__WHAT TO DO__:
Please set down only the lines running from the one with "École Alphonse Daudet Classe de GS" through the last line of the entries, exactly as written and without any pictures.

::::

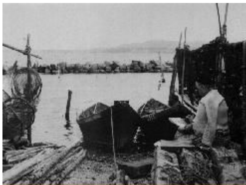
Richarme à la Pointe Courte, 1957

En réalisant ce livre, j'ai eu envie de répondre à ses hésitations, sans la trahir :
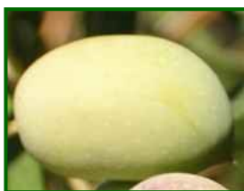
Estado fenológico "11"

Según la Agencia Estatal de Meteorología (AEMET) , las temperaturas previstas oscilan entre 16 °C y 32 °C , con mínimas nocturnas sobre 15-17 °C y máximas diurnas hasta 32 °C . La humedad relativa se moverá en rangos entre 20 % y 55 % durante el día y podrá alcanzar hasta 85 % o más en las horas nocturnas. El viento soplará de componente sur con velocidades que podrían llegar a 35 km/h en algunos intervalos. No se prevén precipitaciones significativas.
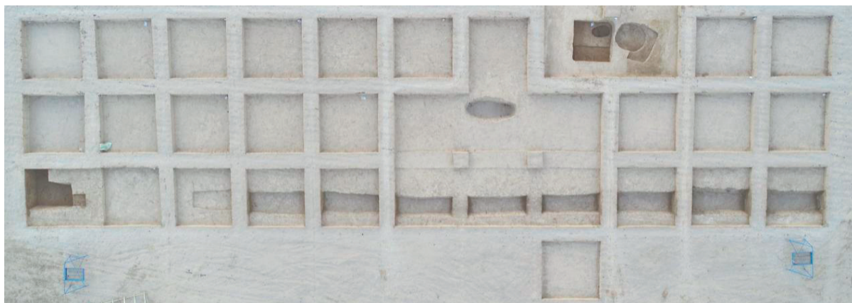
马鞍桥山遗址中G2环壕全景照。
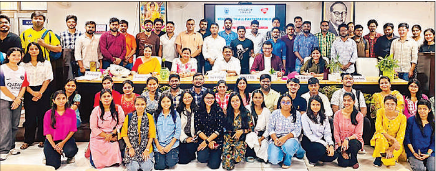
साइबर फ्राइ विषय पर आयोजित कार्यशाला में विशेषज्ञ व विद्यार्थी ।
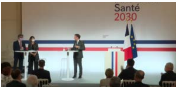
Présentation de la stratégie innovation santé 2030 par le Président Emmanuel Macron. Juin 2021.

Le covid19 a définitivement brisé la double assurance qui soutenait ce modèle. La première était la confiance dans la capacité à mettre rapidement au point des remèdes ou vaccins en cas de grave poussée infectieuse. La seconde imaginait, sur la base du précédent du VIH-Sida dans les années 1980, qu'aucune émergence d'un nouvel agent infectieux ne prendrait l'ampleur d'une pandémie mondiale capable de décimer des populations. Le plan de préparation que l'Organisation mondiale de la santé (OMS) recommanda en 1999 n'invalidait pas cette représentation (1) . Certes, après le coup de semonce de l'épidémie du sous-type H5N1 de la grippe A (Hong Kong, 1997), il n'excluait pas une pandémie de grande ampleur, avec des mesures de cantonnement importantes au cas où la réponse vaccinale durerait plus d'un an. Mais l'anticipation se centrait sur la grippe, pour prévenir ses épisodes potentiellement les plus sévères. Et le plan suivait aussi une logique de communication en santé publique, en visant à éviter les paniques qu'avaient suscitées de « fausses alertes » depuis les années 1970. Cette vision des choses n'était pas remise en cause par la portée limitée de l'épidémie de grippe aviaire H5N1 en 2004 et de H1N1 en 2009.
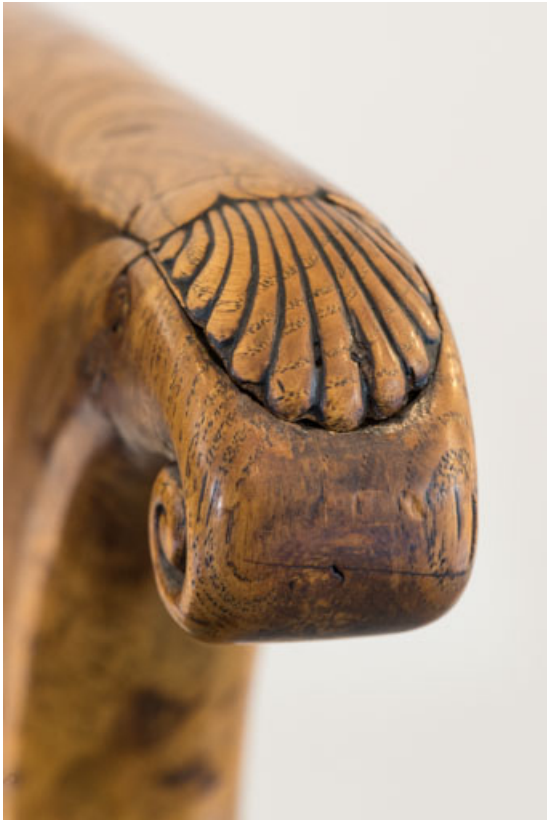
Fauteuil rembourré à dossier concave en bois : décor de l'accotoir. 21, Dijon place du Théâtre
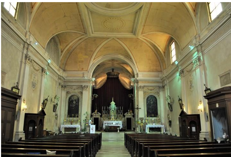
Slika 6. Unutrašnjost crkve sv. Franje

Majke Božje , uljana slika na drvu izrađena u bizantinskom stilu. Slika potječe iz XII. Stoljeća, a autor je nepoznat. Što se tiče crkve, ona je posvećena sv. Franji Asiškom i predstavlja prostranu baroknu građevinu (sl. 6). Iza glavnog oltara nalazi se polukružni kor za redovnike. Crkvene orgulje potječu iz 1882., a njihov autor je Eduard Kunad iz Ljubljane. Na lijevoj strani, pored glavnog oltara, nalazi se ulaz u samostan i sakristiju, a na desnoj strani je ulaz u kapelu Bezgrešnog Začeca. U sakristiji se nalazi mramorni kip Svetog Jeronima iz XVII. stoljeća, izrađen u baroknom stilu. U crkvenoj lađi nalaze se dva oltara, od kojih je jedan posvećen sv. Petru iz Alcantare, a drugi Raspeću Isusovu. Oltarna slika naslovljena Majka Božja sa svecima potječe iz XVI. stoljeća, a autor je Giuseppe Ventura. Djelo prikazuje Bezgrešnu Gospu kojoj se klanjaju sv. Petar Alcantara i sv. Antun Padovanski. S desne strane na oltaru nalazi se Raspeti Isus sa svecima . Slika prikazuje sv. Franju, sv. Diega i sv. Bernardina podno Isusovog križa. Mogući autor je Palma Mlađi. Ispred ulaza u crkvu nalazi se kameni križ, posvećen župskim misijama održanim 1801. 21
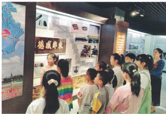
图 | 天津市北辰区北仓小学提案小组在北辰区档案馆开展调研活动

摄照片、视频等形式，将提案过程、提案方向等进行完整记录，用生动的形式对提案进行诠释。
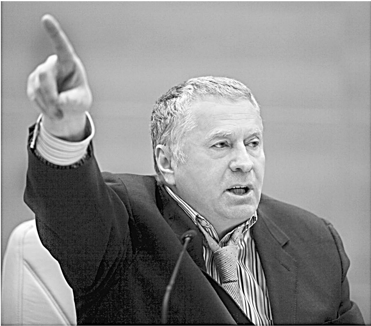
Владимир Жириновский: «Демография и образование – две ключевые проблемы страны».

Кроме того, следует обратить внимание на ситуацию, когда женщина, родившая двух детей, получает право на выплату материнского капитала, даже если дети рождены от разных отцов. При этом мужчина, у которого второй ребенок родился в новой семье, ничего не получает. Лидер ЛДПР отмечает: «Когда мужчина другую семью создает и он реально отец двух детей, государство ему ничего не платит. Это наносит удар по мужской части населения».
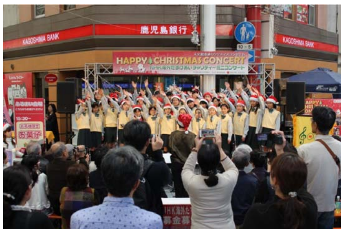
(昨年) 天文館での合唱ミニコンサートの様子

また、下記の日程で街頭募金を実施いたしますので、皆様のご協力のほどよろしくお願いたします。
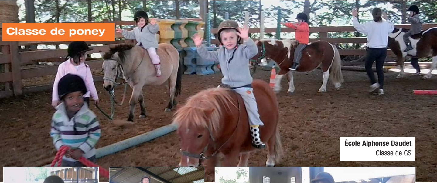
École Alphonse Daudet Classe de GS
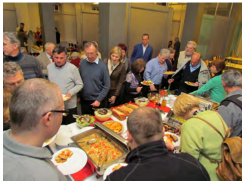
Slika 8: Udeleženci občnega zbora Ljubljanskega geodetskega društva so si zaslužili okrepčilo.

::::

__SOLUTION FOR THIS EXERCISE__:
École Alphonse Daudet Classe de GS
Slika 8: Udeleženci občnega zbora Ljubljanskega geodetskega društva so si zaslužili okrepčilo.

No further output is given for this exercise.